Open Source Databases: GIS

Showing posts with label GIS. Show all posts

Monday, July 8, 2019

MySQL Workbench and OpenStreetMap Data Visualization

I have a presentation next month on MySQL and GIS. MySQL 8.0 has benefited greatly from the three dimensional libraries from Boost.Geometry. There are many facets to the Geographic Data world that it is damn near impossible not to lurch down one rabbit hole into another in an unending spiral of acronyms, standards, projections, and functions. But thankfully I have MySQL Workbench to aid me.

Texas

I wanted some test data to use for some GIS exercises and was very happy to find many useful sets curated by the OpenStreetMaps folks. Shapefiles are used to hold the various data points of an item of interest. I had assumed that the data would have some sort of longitude/latitude pairs but was wondering what I would need to do to work with that data and what ever came bundled with it. I download the Texas data and then loaded it into the database.

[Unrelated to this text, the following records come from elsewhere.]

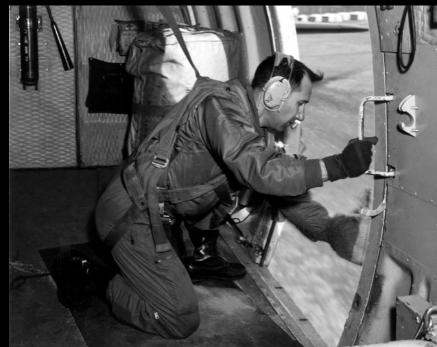
7th ACS Loadmasters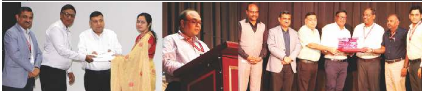
C. V. Raman Award Felicitation Ceremony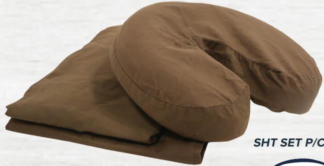
SHT SET P/C 3pc

The Premium Blend Poly/Cotton 3 Piece Sheet Set includes a flat sheet, fitted sheet, and face rest cover. These sheets are durable, affordable, and provide a wrinkle free, lightweight comfort that is normally only found with more expensive sheets. With an oversized flat sheet you can ensure your clients will be covered 100% of the time, allowing them to remain relaxed through position changes. The poly/cotton sheets are made specifically for massage tables and will give you the fit you desire.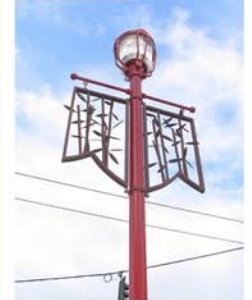
Light post in Seattle, Washington.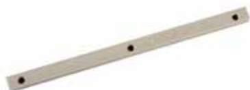
SCRAPER - PEEK F-362/P | OEM: N/A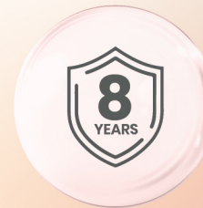
8 YEARS PERFORMANCE WARRANTY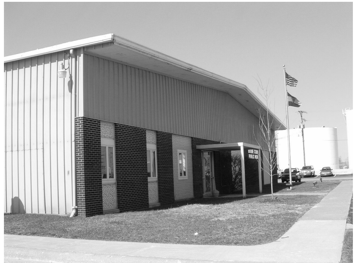
MAINTENANCE BUILDING – EAST ELEVATION

You will need a copy of the ogr2org utility This wonderful program reads the raw shapefile and converts it into SQL. You may want to get the source but hopefully a version may be available for you Linux distribution. There is a copy of the ogr2ogr program that comes with MySQL Workbench but I have not been able to get it to convert the data and load that data into a MySQL instance, with either Windows, Fedora, or Ubuntu.

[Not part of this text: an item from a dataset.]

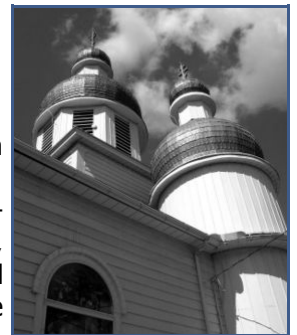
The domes of a Ukrainian Catholic parish in Simpson, PA

the five Eastern Catholic traditions: Byzantine, Chaldean, Alexandrian, Antiochene, and Armenian. A rite signifies more than a liturgy (though anyone who has attended a liturgy of the Eastern rite readily picks up on a great many differences); it denotes distinctive traditions across a broad front. Noteworthy among these for Eastern Catholics, in contrast with those of the Ro-

$ogr2ogr -overwrite -progress -f "MySQL" mysql:texas,user=dave,password=****** gis_osm_natural_a_free_1.shp
0...10...20...30...40...50...60...70...80...90...100 - done.
$ ogr2ogr -overwrite -progress -f "MySQL" mysql:texas,user=dave,password=***** gis_osm_natural_free_1.shp
0...10...20...30...40...50...60...70...80...90...100 - done.

The Data

And a sample line from that table.

mysql> select OGR_FID,ST_ASTEXT(SHAPE) as Shape, osm_id, code, fclass, name FROM gis_osm_natural_free_1 limit 1;

+---------+-------------------------------+----------+------+--------+--------------------+

+---------+-------------------------------+----------+------+--------+--------------------+

| 1 | POINT(29.3060929 -94.7679897) | 80029566 | 4141 | beach | Stewart Beach Park |

+---------+-------------------------------+----------+------+--------+--------------------+

1 row in set (0.00 sec)

The SHAPE column has the desired longitude and latitude. So now we have this data but I had zero clue to where Stewart Beach Park was located.

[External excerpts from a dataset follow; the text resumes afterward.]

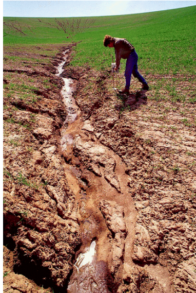
This rill could easily turn into a gully if erosion is not controlled.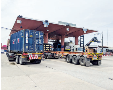
LAT KRABANG INLAND CONTAINER DEPOT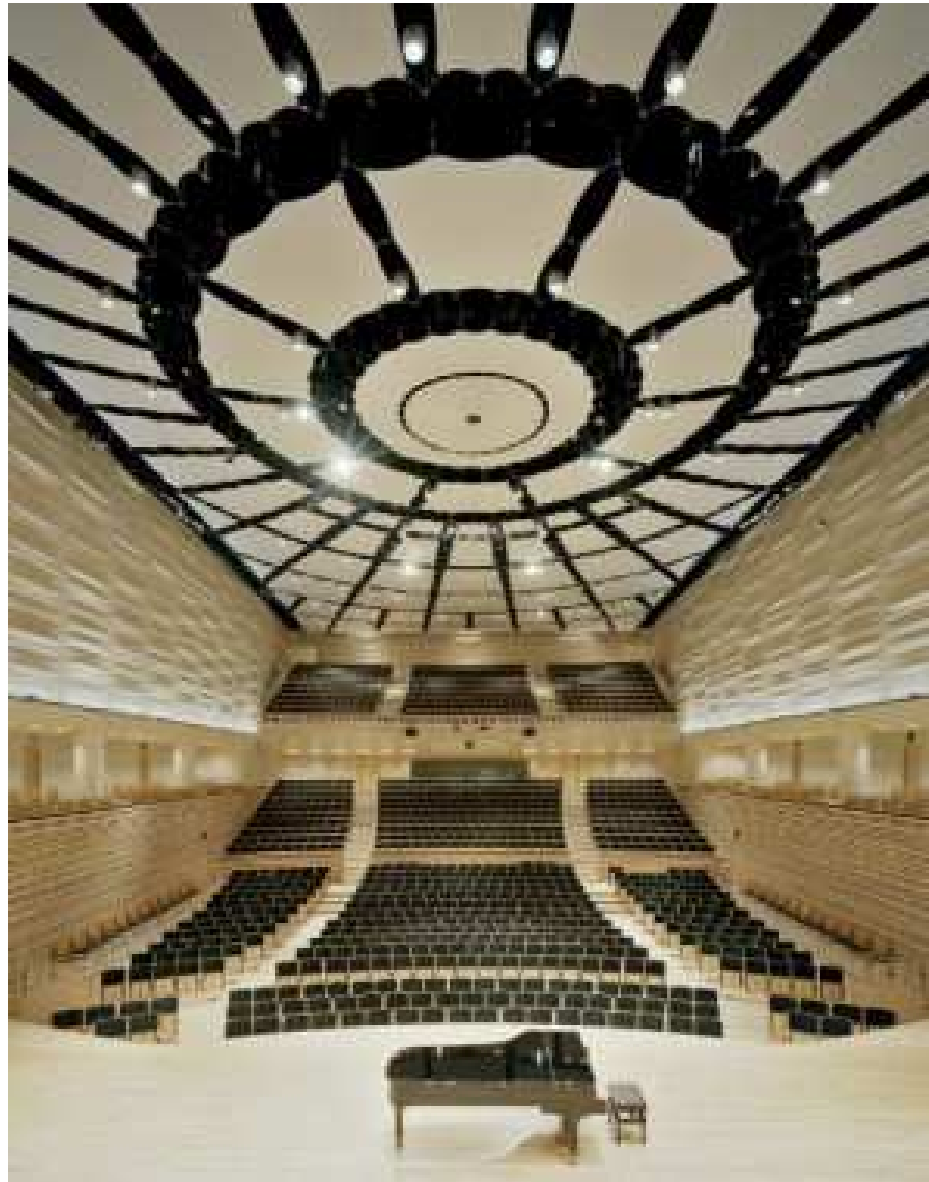
EMPAC: sonically isolated auditorium

MySQL Workbench to the Rescue

Workbench makes it easy to 'see' where the data was. You can see in the below example that Stewart Beach Park is the first row returned.

MySQL Workbench has an amazing number of features including the ability to help display GIS data.

If you right click on the 'BLOB' graphic under the shape column you will see an option to Show Point In Browser.

The location of Stewart Beach Park on the Galveston Sea Wall

So Stewart Beach Park is right on the Galveston Sea Wall and around the corner from the cruise ship terminals.

Mid-Atlantic Developer's Conference

I will be speaking on MySQL & GIS at the Mid-Atlantic Developer's Conference and you can still attend but tickets are going quickly.

Monday, July 1, 2019

Plot your Location MySQL Workbench and OpenStreetMap

MySQL has added a lot of functionality for Geographical Information System (GIS) data in the last two releases. This has given us better ways to save and explore GIS data. MySQL Workbench is an amazing tool that many do not realize has vastly upped its game for supporting GIS information. But did you know you can use MySQL Workbench with OpenStreetMap to plot locations?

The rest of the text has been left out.